▸ **Task requirements**
Below are records with pictures. Transcribe exactly, and only, the lines from the line with "These wireframes formed" to the line with "本网讯(记者 赵宇 摄影", both ends included, but not the pictures.

▸ **Data for review**
###

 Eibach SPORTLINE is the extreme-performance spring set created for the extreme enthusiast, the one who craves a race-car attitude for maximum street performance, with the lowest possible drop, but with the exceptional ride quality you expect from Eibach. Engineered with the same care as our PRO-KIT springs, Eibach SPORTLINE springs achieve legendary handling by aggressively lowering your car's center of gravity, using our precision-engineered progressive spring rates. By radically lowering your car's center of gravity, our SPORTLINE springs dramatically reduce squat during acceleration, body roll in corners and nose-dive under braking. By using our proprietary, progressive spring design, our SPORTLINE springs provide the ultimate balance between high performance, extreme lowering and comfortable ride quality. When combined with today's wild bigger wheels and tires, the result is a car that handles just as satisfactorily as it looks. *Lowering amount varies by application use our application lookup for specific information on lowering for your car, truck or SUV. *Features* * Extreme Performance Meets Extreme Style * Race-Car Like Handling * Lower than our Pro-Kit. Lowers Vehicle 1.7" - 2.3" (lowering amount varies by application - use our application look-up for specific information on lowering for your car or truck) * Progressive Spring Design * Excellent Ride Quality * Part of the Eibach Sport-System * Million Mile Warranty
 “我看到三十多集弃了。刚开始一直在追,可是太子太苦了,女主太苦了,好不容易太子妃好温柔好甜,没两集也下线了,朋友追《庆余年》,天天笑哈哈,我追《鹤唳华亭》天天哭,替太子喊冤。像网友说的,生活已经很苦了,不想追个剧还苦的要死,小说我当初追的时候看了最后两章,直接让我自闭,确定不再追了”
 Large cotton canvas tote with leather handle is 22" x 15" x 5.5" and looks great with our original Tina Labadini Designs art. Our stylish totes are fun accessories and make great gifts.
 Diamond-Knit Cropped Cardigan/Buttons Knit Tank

###

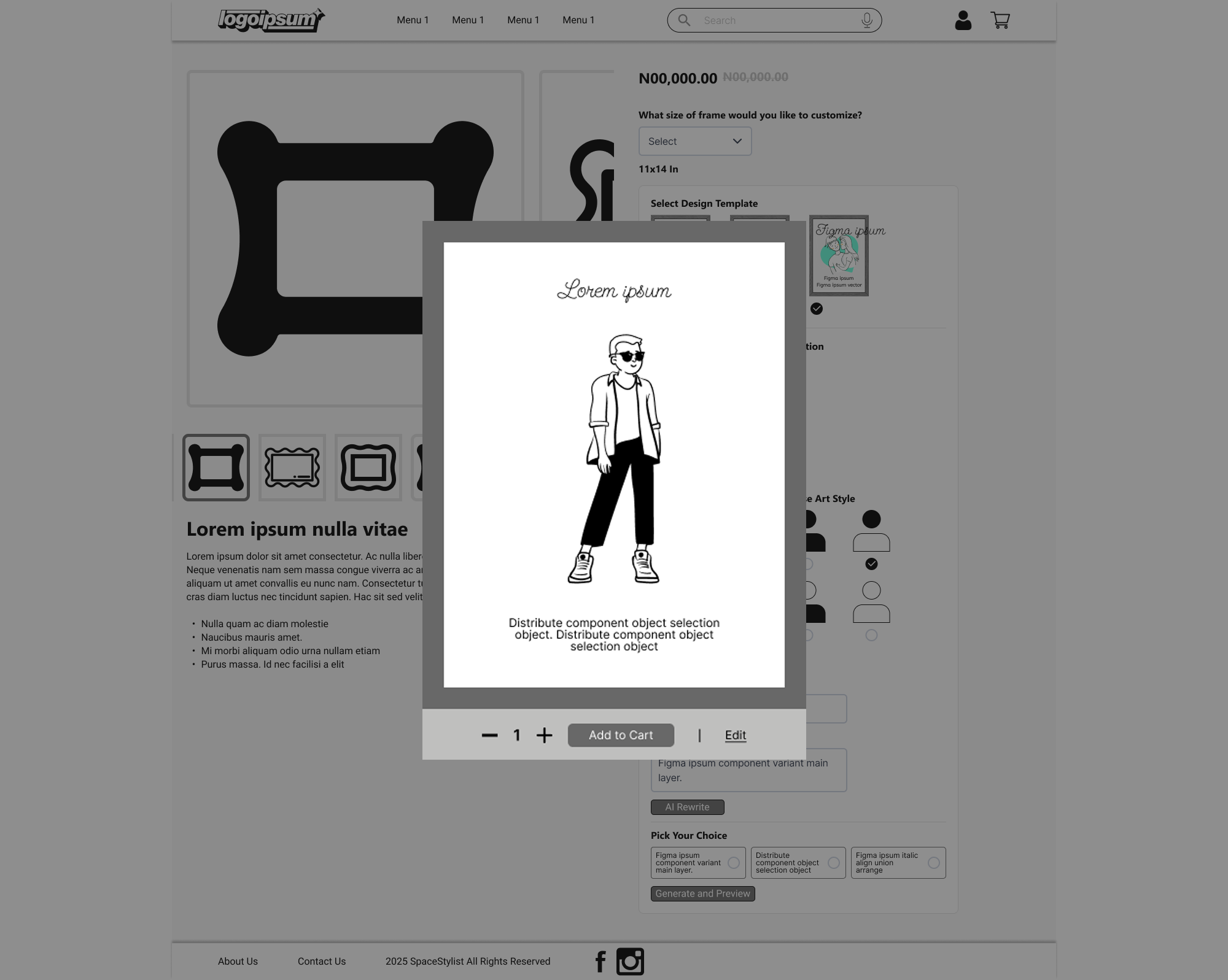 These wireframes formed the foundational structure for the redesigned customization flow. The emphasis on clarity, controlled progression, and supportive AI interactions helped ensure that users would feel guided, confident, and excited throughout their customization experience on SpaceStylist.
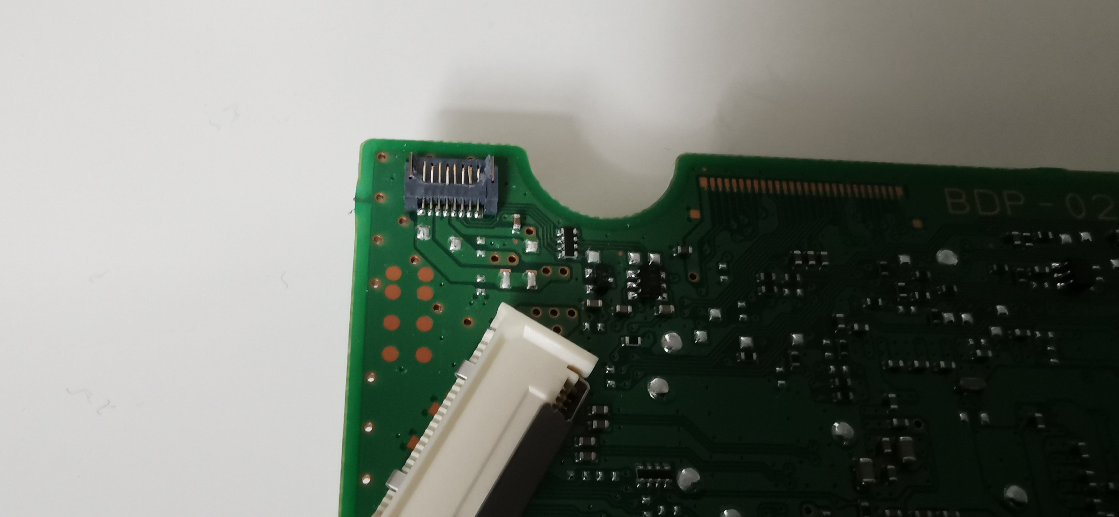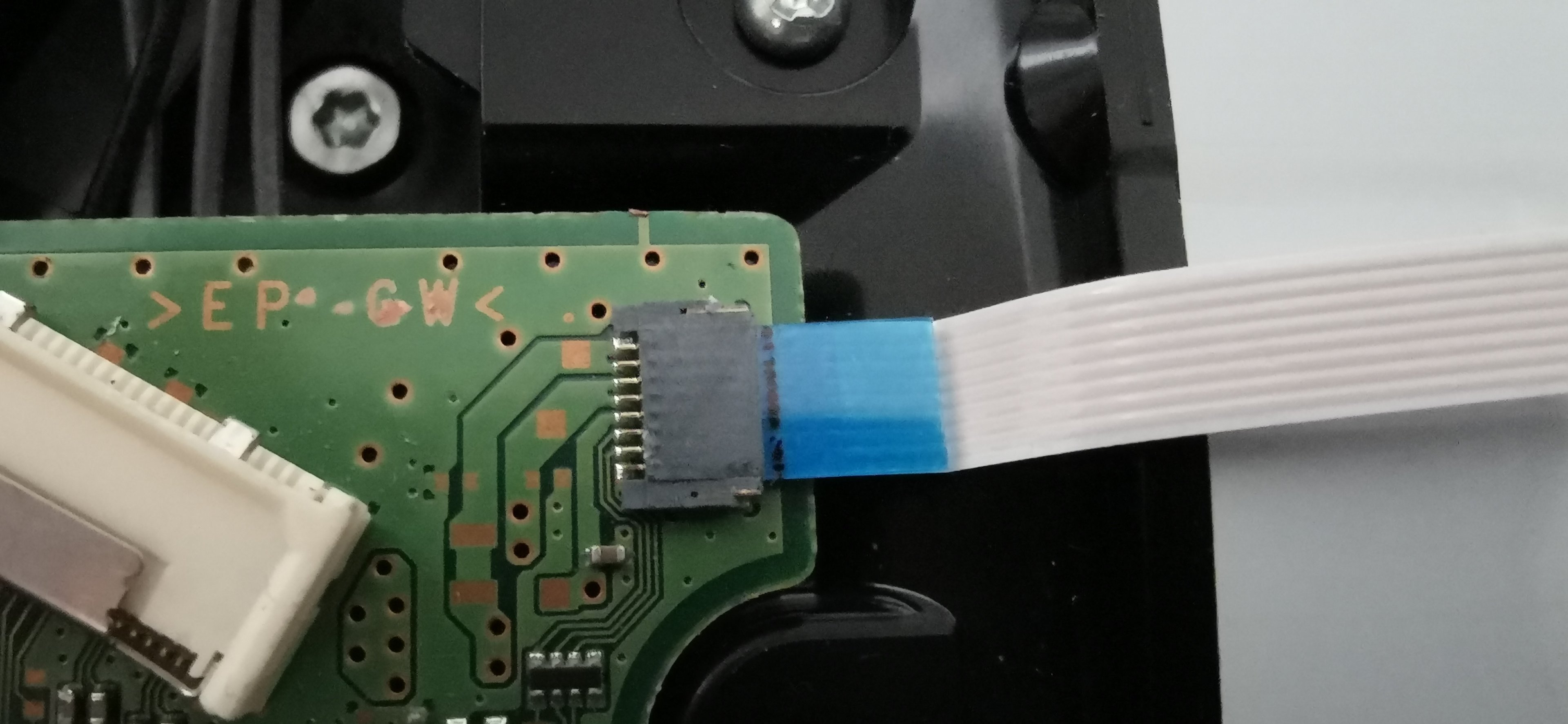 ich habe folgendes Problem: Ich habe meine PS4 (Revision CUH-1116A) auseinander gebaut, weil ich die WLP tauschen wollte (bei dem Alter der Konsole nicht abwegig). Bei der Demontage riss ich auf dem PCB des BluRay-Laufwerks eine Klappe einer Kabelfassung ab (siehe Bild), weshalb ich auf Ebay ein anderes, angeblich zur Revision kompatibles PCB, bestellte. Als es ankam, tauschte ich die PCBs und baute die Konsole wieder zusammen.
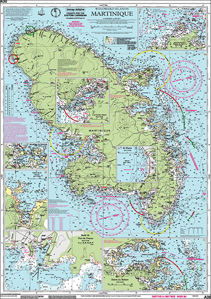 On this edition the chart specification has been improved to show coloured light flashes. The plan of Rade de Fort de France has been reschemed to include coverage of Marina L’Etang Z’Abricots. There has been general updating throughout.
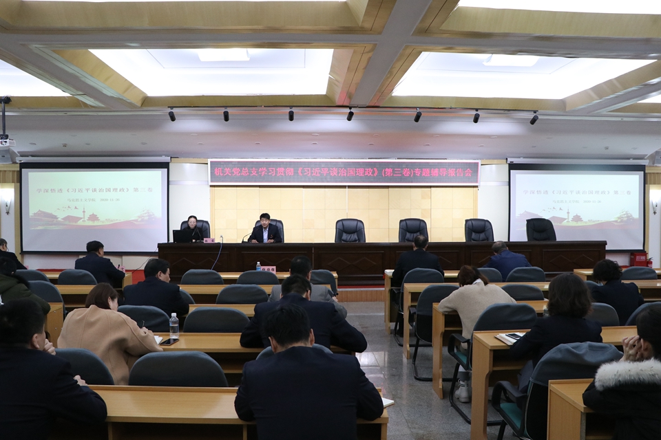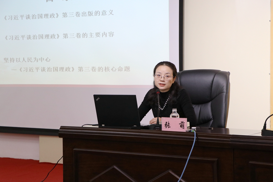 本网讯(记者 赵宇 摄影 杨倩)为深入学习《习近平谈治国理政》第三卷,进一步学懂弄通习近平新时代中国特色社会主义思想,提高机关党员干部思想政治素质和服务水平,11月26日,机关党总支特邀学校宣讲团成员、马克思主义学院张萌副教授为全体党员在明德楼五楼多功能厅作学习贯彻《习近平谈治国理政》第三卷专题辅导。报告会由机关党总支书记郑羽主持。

###

▸ **Task output**
 These wireframes formed the foundational structure for the redesigned customization flow. The emphasis on clarity, controlled progression, and supportive AI interactions helped ensure that users would feel guided, confident, and excited throughout their customization experience on SpaceStylist.
 ich habe folgendes Problem: Ich habe meine PS4 (Revision CUH-1116A) auseinander gebaut, weil ich die WLP tauschen wollte (bei dem Alter der Konsole nicht abwegig). Bei der Demontage riss ich auf dem PCB des BluRay-Laufwerks eine Klappe einer Kabelfassung ab (siehe Bild), weshalb ich auf Ebay ein anderes, angeblich zur Revision kompatibles PCB, bestellte. Als es ankam, tauschte ich die PCBs und baute die Konsole wieder zusammen.
 On this edition the chart specification has been improved to show coloured light flashes. The plan of Rade de Fort de France has been reschemed to include coverage of Marina L’Etang Z’Abricots. There has been general updating throughout.
 本网讯(记者 赵宇 摄影 杨倩)为深入学习《习近平谈治国理政》第三卷,进一步学懂弄通习近平新时代中国特色社会主义思想,提高机关党员干部思想政治素质和服务水平,11月26日,机关党总支特邀学校宣讲团成员、马克思主义学院张萌副教授为全体党员在明德楼五楼多功能厅作学习贯彻《习近平谈治国理政》第三卷专题辅导。报告会由机关党总支书记郑羽主持。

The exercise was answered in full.